In addition, there is a screen printing method that is intended to improve the plate slip-off property that seems to be related to the present invention (Patent Documents 1 and 2), both of which relate to a printing method using a single mask.
JP-A-7-304152 JP 2000-127347 A

  The subject of this invention is providing the technique for printing a printing material (for example, cream solder) stably on a to-be-printed surface (for example, printed circuit board surface).

  The present invention has been made to solve the above-described problems, and adopts the following configuration.

  A screen printing apparatus comprising: at least two masks; and a mask forming unit that forms a mask for screen printing in which an opening penetrates in the thickness direction by overlapping each of the masks.

  According to the present invention, it is possible to constitute a screen printing mask through which an opening penetrating in the thickness direction passes by overlapping at least two masks.

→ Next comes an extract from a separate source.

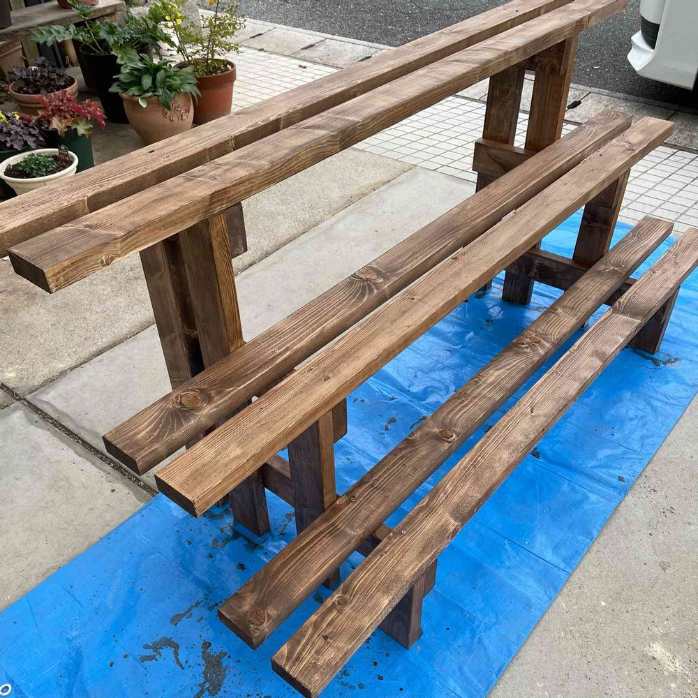 カトちゃんねるさんの動画の中にある通りにカットして木材を買ってくれば、あとは電動ドライバーだけで組み立てられます。私は適当に高さだけ合わせながら、ガタつかないようにだけ気をつけて組んだだけです。

  In the screen printing apparatus, for example, in a space defined by the screen printing mask and the surface to be printed, the printing surface on which the screen printing mask is overlaid, and the opening. Filling means for filling the printing material; and separation means for sequentially separating the masks after the filling operation by the filling means.

  In this way, the printing material (for example, cream solder) can be filled in the space defined by the printing surface on which the mask for screen printing is superimposed and the mask opening for screen printing, as in the past. At the same time, after this filling operation, the masks can be sequentially separated. That is, since each mask is sequentially separated, the contact area between the cream solder and the mask (the inner wall of the opening penetrating through the mask) is smaller than that in the conventional case when separating each mask. (Solder) comes off well. That is, stable screen printing is possible regardless of the size of the opening penetrating the mask (regardless of the aspect ratio).

  Further, the present invention can be specified as follows.

  A mask for screen printing in which an opening penetrates in the thickness direction by overlapping the first mask and the second mask by overlapping the first mask superimposed on the printing surface, the second mask superimposed on the first mask, and the second mask. A screen printing apparatus comprising: a mask constituting unit.

  According to the present invention, it is possible to configure a screen printing mask in which an opening penetrates in the thickness direction by overlapping the first mask and the second mask.

  In the screen printing apparatus, for example, a printing material is formed in a space defined by the means for overlapping the screen printing mask and the printing surface, the printing surface on which the screen printing mask is stacked, and the opening. Filling means for filling the first mask, after the filling operation by the filling means, a first separating means for separating the second mask from the first mask, and after the separating operation by the first separating means, Second separating means for separating from the printing surface.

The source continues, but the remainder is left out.